La decisione del Riesame segue l’annullamento dell’ordinanza di custodia cautelare da parte della Corte di Cassazione, emesso il 2 ottobre 2025.
In quella sede, la Cassazione aveva recepito le argomentazioni avanzate dalla difesa, rappresentata dall’avvocato Gaetano Aufiero, rilevando come fossero state attribuite a D’Angelo imputazioni già oggetto di altri procedimenti. Il Collegio aveva dunque riscontrato una violazione del principio ne bis in idem, secondo cui non si può essere giudicati due volte per gli stessi fatti.
L’udienza del Riesame, già alla guida del collegio la cui ordinanza era stata annullata dalla Suprema Corte — si è conclusa in modo differente rispetto al passato.È stata infatti revocata la misura cautelare nei confronti di D’Angelo, che è stato liberato.
Rimangono tuttavia in piedi le contestazioni mosse dalla Procura Distrettuale Antimafia di Napoli, che ipotizza l’esistenza di un’organizzazione dedita al traffico di cocaina, hashish e marijuana.
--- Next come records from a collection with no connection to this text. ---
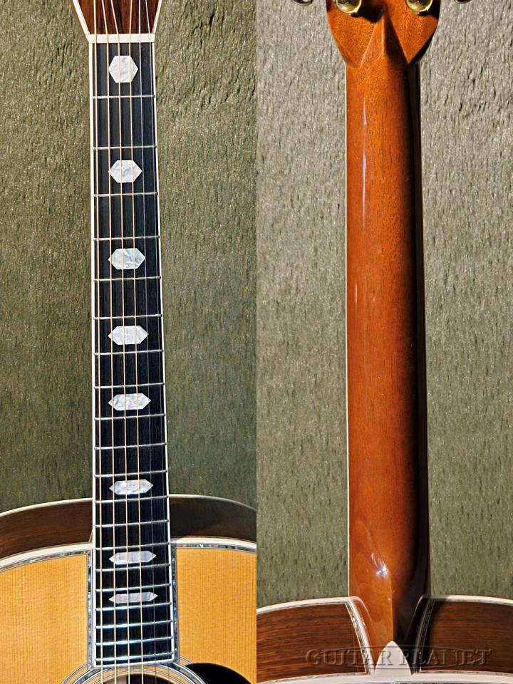 スクエアロッド並みに太いネックシェイプでありながらトラスロッド調整が可能な点や、ジャーマン・スプルースに非常に近い音響特性を持つアルパイン・スプルース、ソリッドの指板インレイを採用している点など、ヴィンテージへのリスペクトと現代的な扱い易さを共存させた当時の担当者のこだわりが垣間見える良いカスタムだと思います。
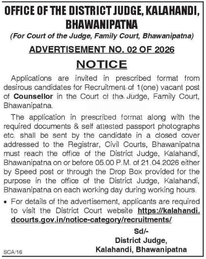 Family Court Kalahandi Recruitment 2026Odisha Gov Jobs 2026 | |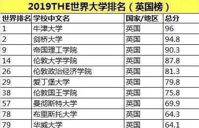 2019年泰晤士報世界大(dà)學排名,共有11所英國大(dà)學進入世界百強行(xíng)列,其中部分學校排名如下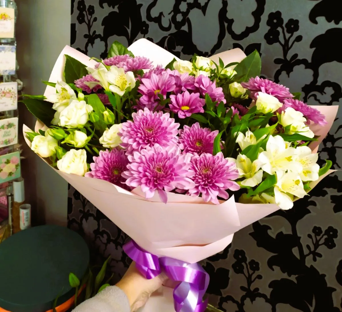 Собрав вместе кустовые розы, хризантемы и альстромерии, вы получаете не просто красивый букет, а настоящее произведение искусства, способное украсить любой праздник и подарить радость. Такой букет станет отличным способом выразить свои чувства и сделать момент незабываемым.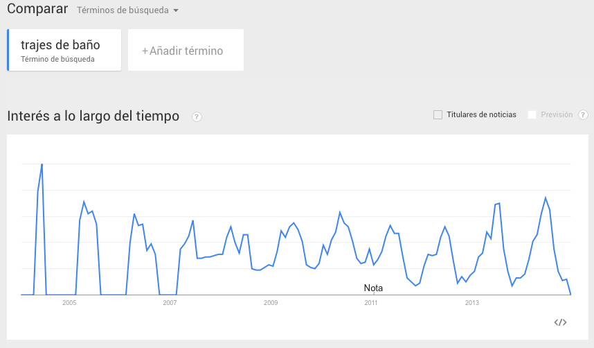 La siguiente gráfica de Google Trends enseña la evolución del interés por la palabra “trajes de baño“ en España en los resultados de búsqueda.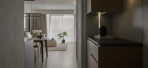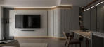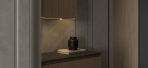 玄关以异材质地坪转换,铺陈入室的序曲。弧线转角的柜体结合座椅与镜面,柔和了空间,也映照归家的静谧氛围。隐藏灯带沿着弧度绽放微光,将 ...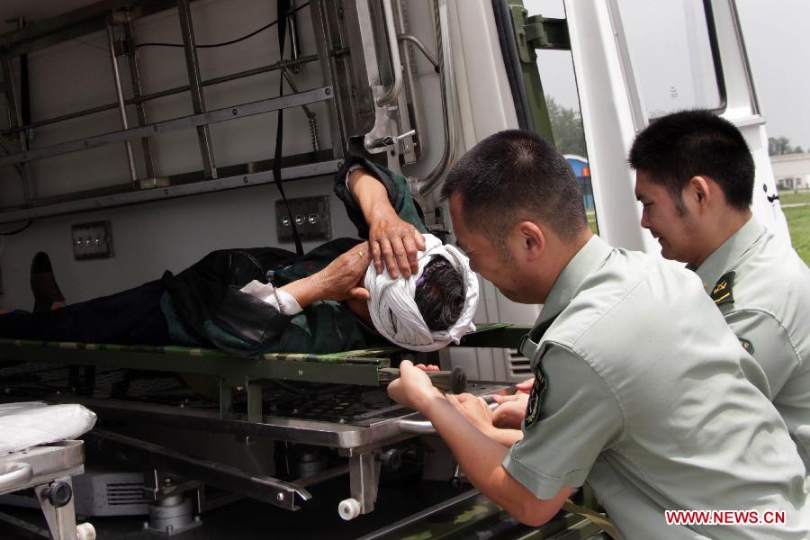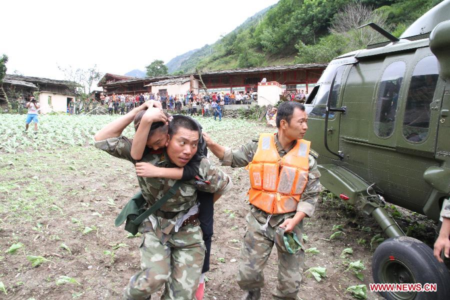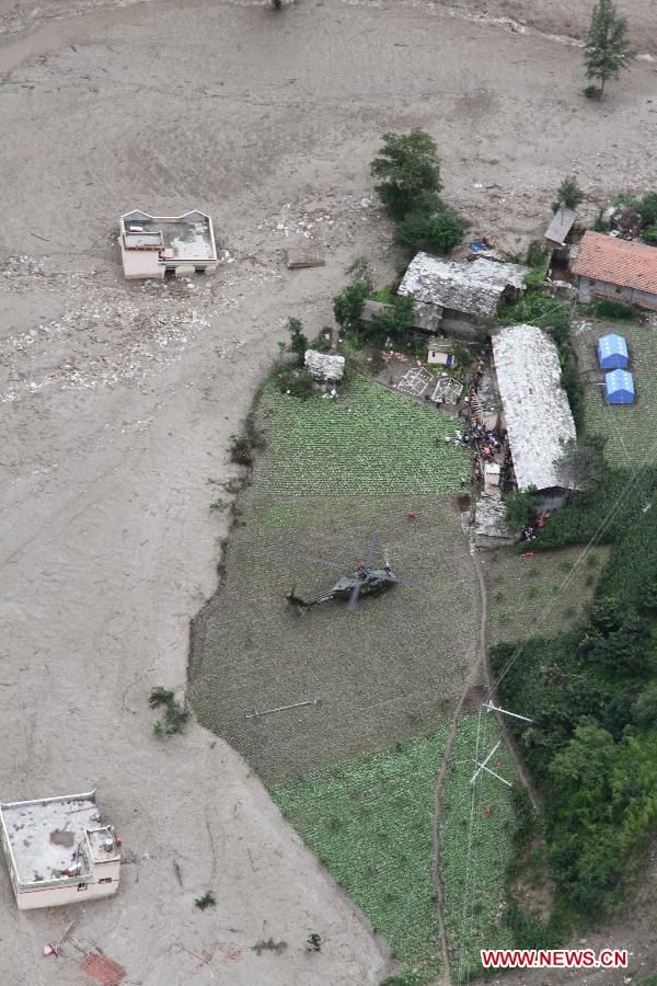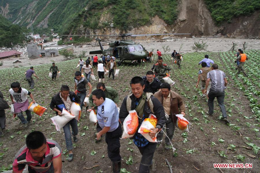 Local residents help relief workers unload disaster-relief supplies from a helicopter in Caopo Township of Wenchuan County, southwest China's Sichuan Province, July 16, 2013. The People's Liberation Army (PLA) Chengdu Military Area Command has dispatched helicopters to help with relief work in Wenchuan County which has been affected by flooding. An aviation unit dispatched three helicopters with 19 relief workers and 7.5 tonnes of materials in 12 flights to Caopo Township of Wenchuan County, which suffered downpours and mud-rock flows, according to the area command. (Xinhua/Wu Tailiang)
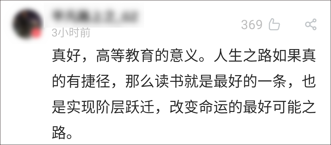 “真好,高等教育的意義。人生之路如果真的有捷徑,那麼讀書就是最好的一條,也是實現階層躍遷,改變命運的最好可能之路。”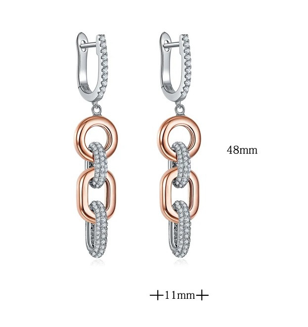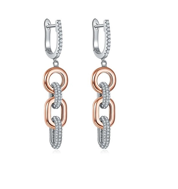 Bicolor Glieder-Ohrhänger aus 925 Silber – Roségold vergoldet mit Zirkonia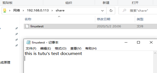 3、编辑一个txt文件,并上传让Windows客户端通过网上邻居访问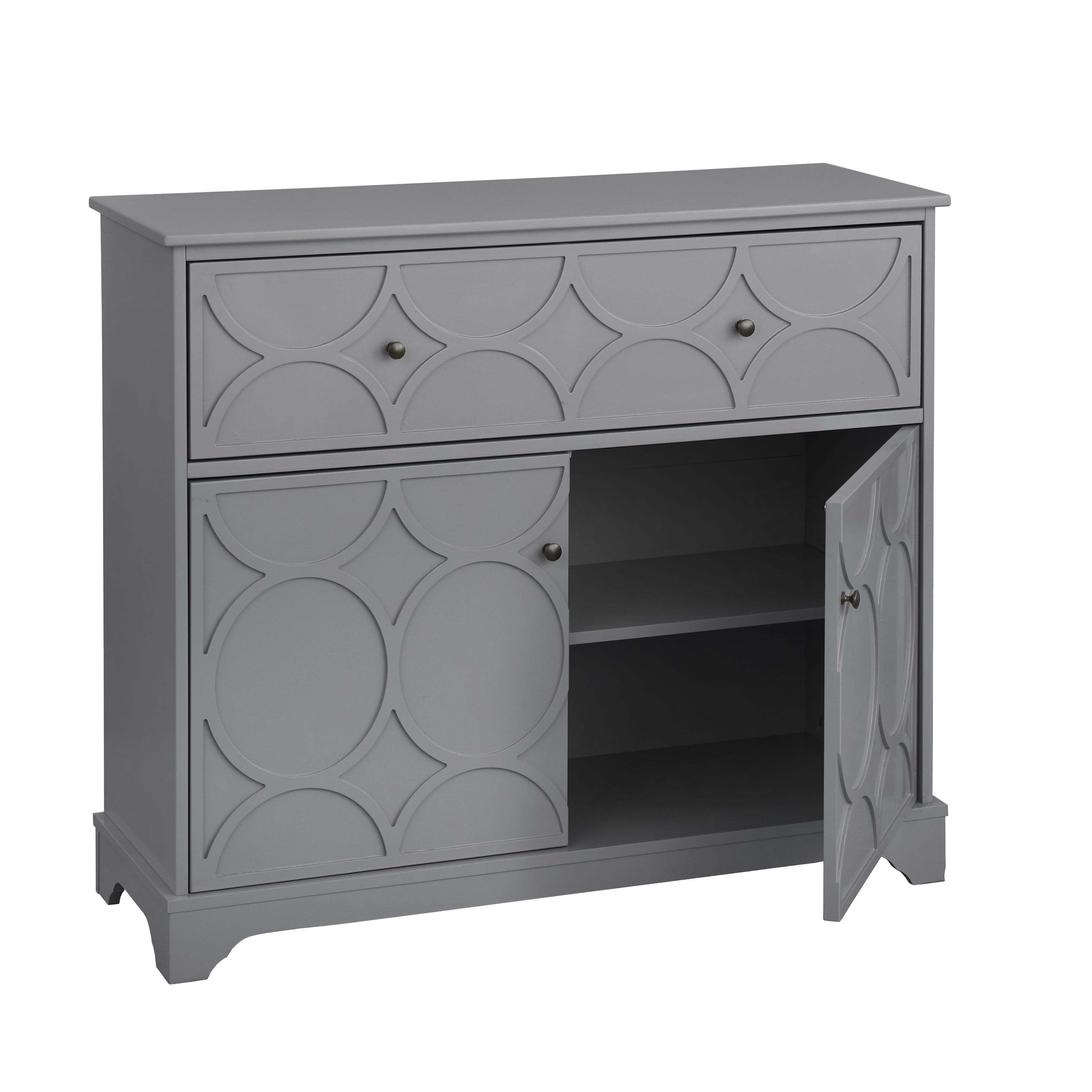 Dawson Circle Front Cabinet is designed with an aesthetically pleasing geometrically intricate circle pattern Spacious cabinet has one (1) drawer and a double door cabinet with an adjustable shelf Constructed with medium density fiberboard Versatile, this cabinet can be placed in many areas of the home for various uses such as storage, bar cabinet and more Assembly required Cabinet overall dimensions: 42´x 15” 36.2”H Inner drawer dimensions: 39.6” x 11.8” x 9.5”H Cabinet dimensions without shelf: 39.5” x 13.5” x 20”H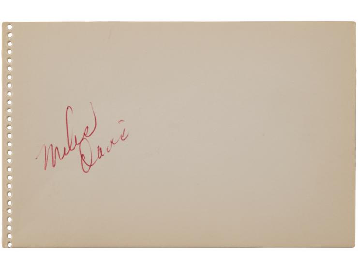 Red ballpoint signature, "Miles Davis,โ on an off-white 5 x 3.25 notebook page. In very fine condition.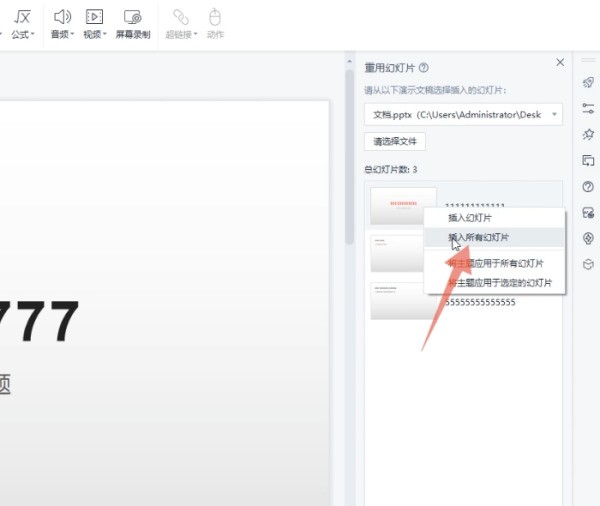 6、点击插入所有幻灯片在弹出的选择菜单里面点击第二个插入所有幻灯片的选项,这样就可以直接将两严善被个PPT合并在一起了。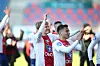 KFUM Oslos Simen Hestnes og resten av spillerene jubler etter at de har slått Brann 1-0 i cupens fjerde runde lørdag.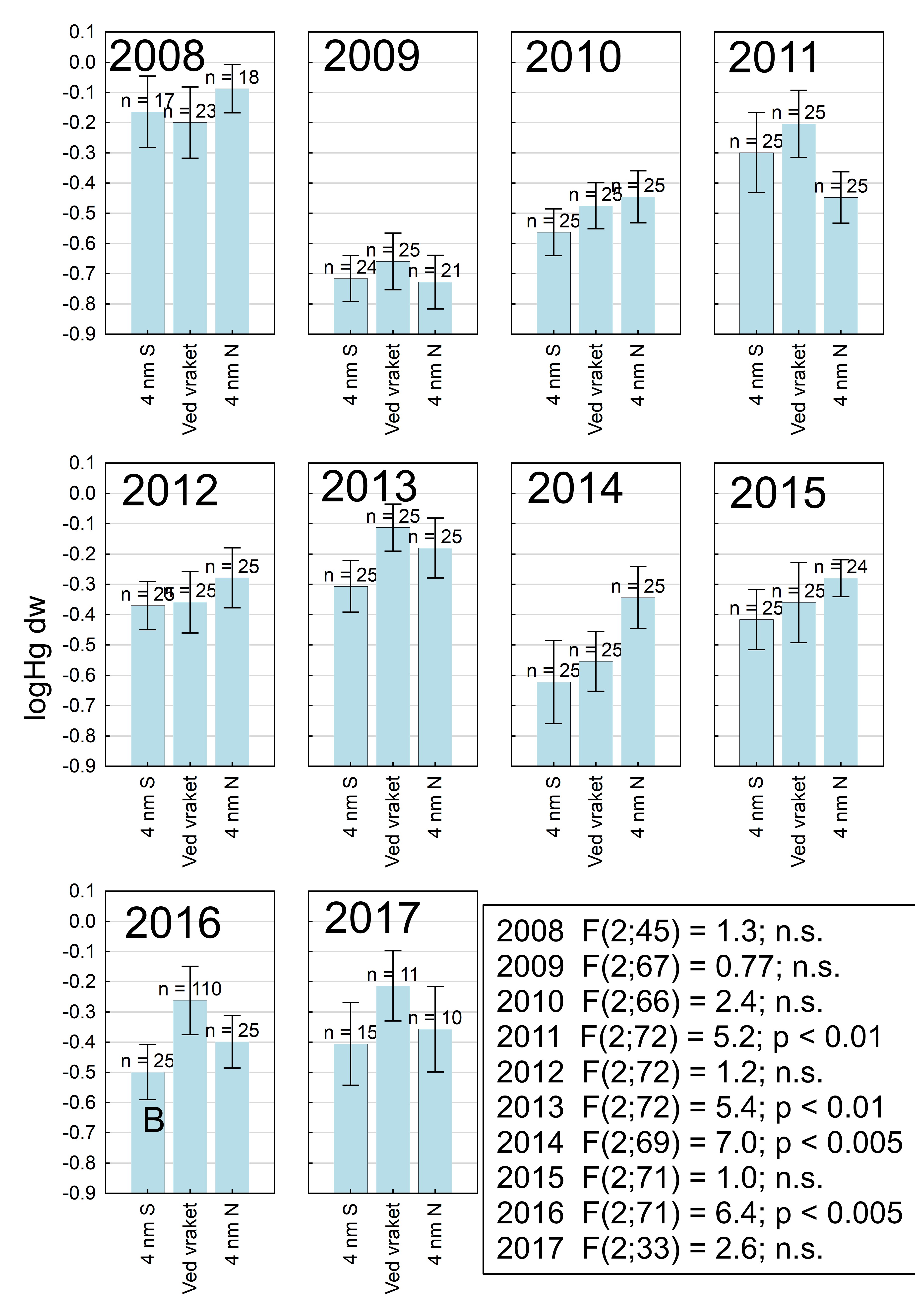 Figur A1. Sammenligning for hvert år 2008-2017 av de tre lokalitetene ved vraket, fire nautiske mil (nm) sør (S) og fire nm nord (N) med hensyn til kvikksølv i brunmat av krabbe. Tørrvekts-konsentrasjon av kvikksølv (logtransformerte verdier) er vist med gjennomsnitt ± 95 % konfidensintervaller. Resultat av enveis variansanalyse er vist for hvert år. A og B på søylene markerer hvilke av gruppene som er signifikant ulike (p<0.05).

Gli inquirenti, tra cui i pubblici ministeri Woodcock e Iglio, ritengono che il gruppo abbia operato con ramificazioni tra la Valle Caudina, il Vallo di Lauro e Avellino.
Durante una delle perquisizioni eseguite nell’ambito delle indagini, gli investigatori hanno rinvenuto una somma di 252 mila euro in contanti, nascosta dietro un frigorifero nell’abitazione di Americo Marrone.
Secondo gli accertamenti, questa circostanza sarebbe indicativa, per gli organi inquirenti, di una disponibilità economica di rilievo all’interno dell’associazione oggetto di indagine.